Potrebbe stridere, in uno scenario simile, parlare allegramente di vino o altre amenità, ma in qualche modo bisogna custodire porzioni di normalità. Che poi quanto fa piacere quella carezza che a cena ti dà un bicchiere di vino, alla fine di queste belle giornatelle. Un bicchiere eh, regolatevi. Che se esagerate è un attimo che il vino dalle carezze passa a prendervi a schiaffi andanti e tornanti. Proprio per una di queste sere ho aperto la Falanghina del Sannio Vendemmia Tardiva “Alenta” di Nifo Sarrapochiello.
Molto di rado l’avverbio ‘tardi’ ha connotazione positiva. Il più delle volte viene collegato a comportamenti distratti, o magari pigri, comunque non positivi, non costruttivi. Un esempio? Per il Tokaji dobbiamo dire grazie ai turchi, che decisero di guerreggiare con l’Ungheria proprio un quarto d’ora prima che i contadini vendemmiassero. Quando questi poterono tornare (molto tardi) alle loro vigne, trovarono i grappoli tutti belli avvizziti ed ammuffiti. Quei pochi folli che dissero “vabbè, persa per persa io quest’uva la vinifico” si ritrovarono nelle damigiane un vino spaventosamente buono. Ma nulla era stato previsto, tutto era frutto di una casualità dovuta a un ritardo. Ecco, in qualche caso un qualcosa di negativo si può trasformare in qualcosa di enormemente positivo.

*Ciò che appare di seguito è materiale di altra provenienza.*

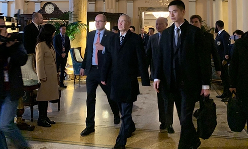 Chinese Vice Premier Liu He arrives at his hotel Monday afternoon in Washington. He is expected to conclude a phase one trade agreement with the US. Photo:CGTN
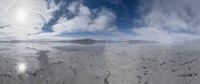 Vast open space in Utah's Salt Lake City, with sun visible over mountainous desert landscape. Brilliant sunshine illuminates the salt-covered terrain. Clouds dot the sky on a sunny day in the USA.
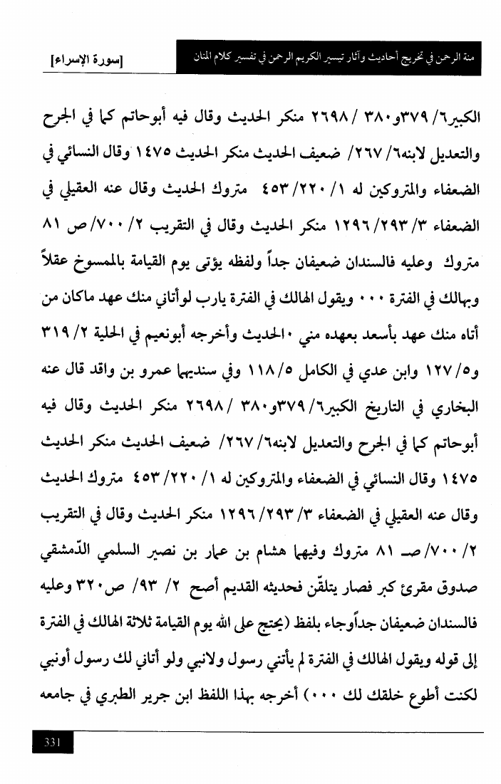 منة الرحمن في تخريج أحاديث وآثار تيسير الكريم الرحمن في تفسير كلام المنان
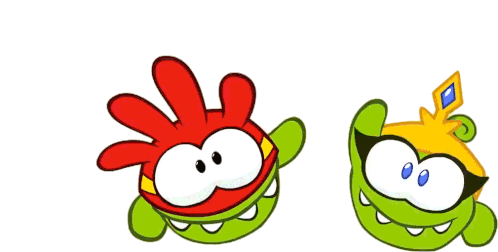 Om Nom and Om Nelle from Super Noms fly and glide, waving cheerfully. A fun animated sticker for greetings.
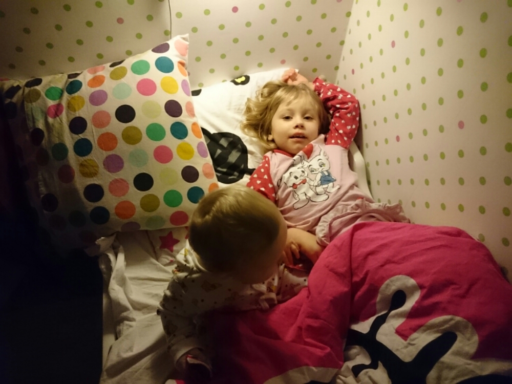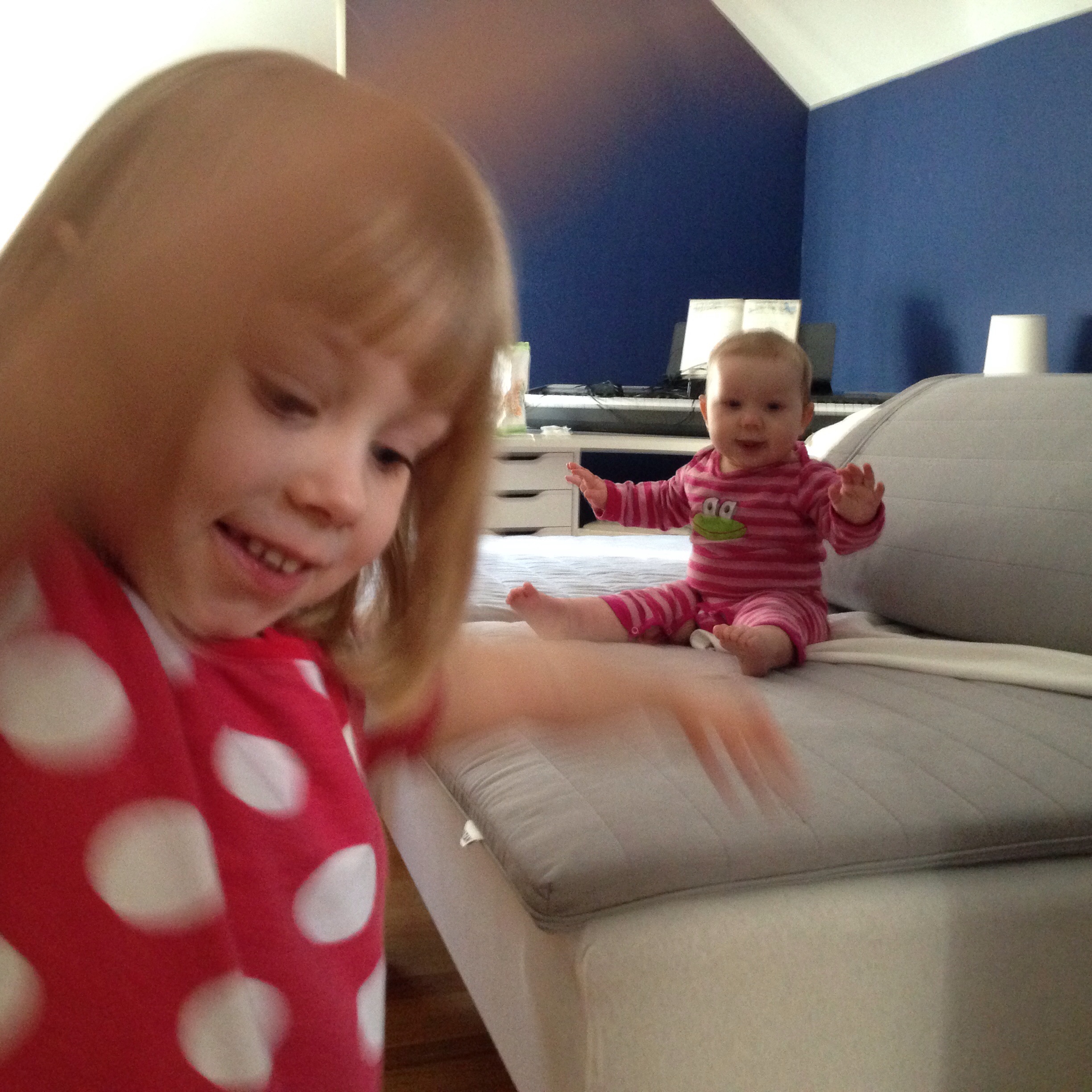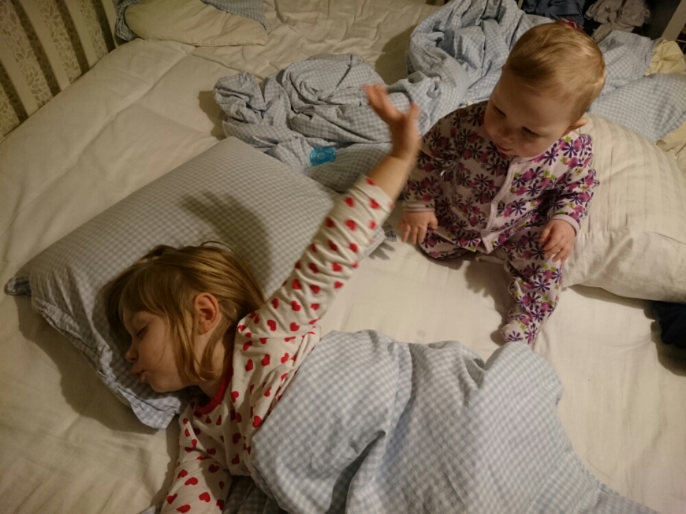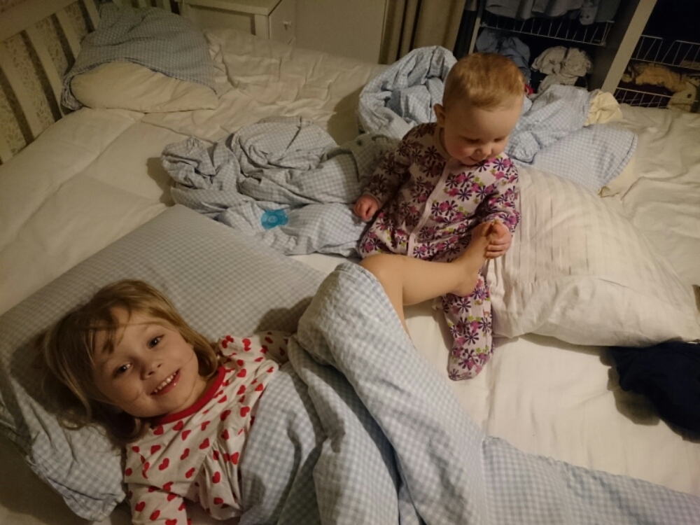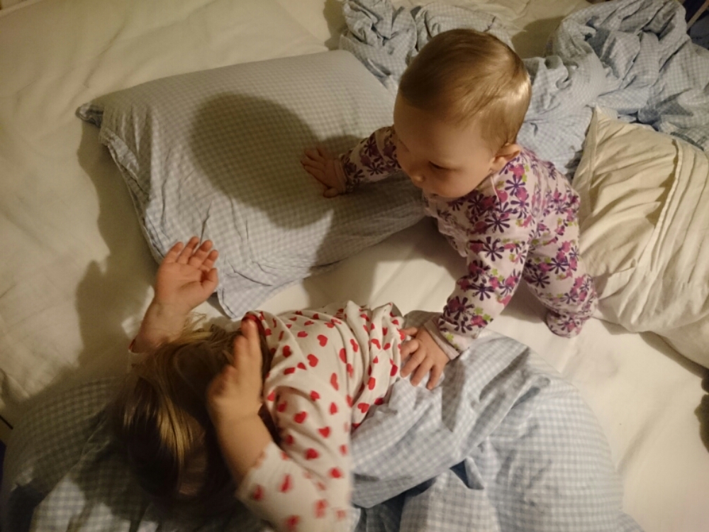 PS. Idag tog Liv tag i mammans ben, när mamman satt på golvet, satte sig på huk, släppte benet – och reste sig upp (alltså utan att hålla i sig)! Sedan stod hon så i några sekunder till mamman började jubla och bröt koncentrationen. Ds.

L’intuizione di Lorenzo Nifo di vinificare Falanghina da vendemmia tardiva è decisiva. La Falanghina è accomunabile al Grechetto, al Trebbiano Toscano, cioè ad uve ‘poverelle’, uve che non sparano fuochi d’artificio organolettici. Sono lì, tranquille, connotate da ribalda freschezza e da aromi morigerati. Concedere alla Falanghina quel poco di appassimento dà modo di amplificare tali aromi nel vino. Il risultato è un vino sorprendente e molto complesso, splendidamente dorato e brillante, bello ‘ciccioso’ nel calice (i puristi leggano: ‘molto consistente’).
Il profumo, dicevamo, gli aromi: fragore, crepitio (cosa non si fa per dire ‘esplodono nel bicchiere’). Salgono tutti insieme, rapidi come uno Shinkansen: mimosa, camomilla, zenzero e cedro canditi, kumquat, mango, miele, pietra calcarea, tanti semi di coriandolo, tanto zafferano, leggeri sentori di resina e di gomma. Complesso? Ampio? Esagero io con i descrittori? Non saprei, so solo che ad ogni sorso ho ficcato con piacere il mio importante naso nel calice, ritrovandoli tutti, sempre e comunque.
Sorso come ci si aspetterebbe da un aspetto e un naso del genere: pieno, corposo, morbido, molto intenso e  persistente. Il breve passaggio in barrique aiuta la Falanghina nel raggiungimento di questa complessità senza andare a snaturarla. Eleganza e potenza, un vino sorprendente e che viene via dall’enoteca a 15 €. Applausi.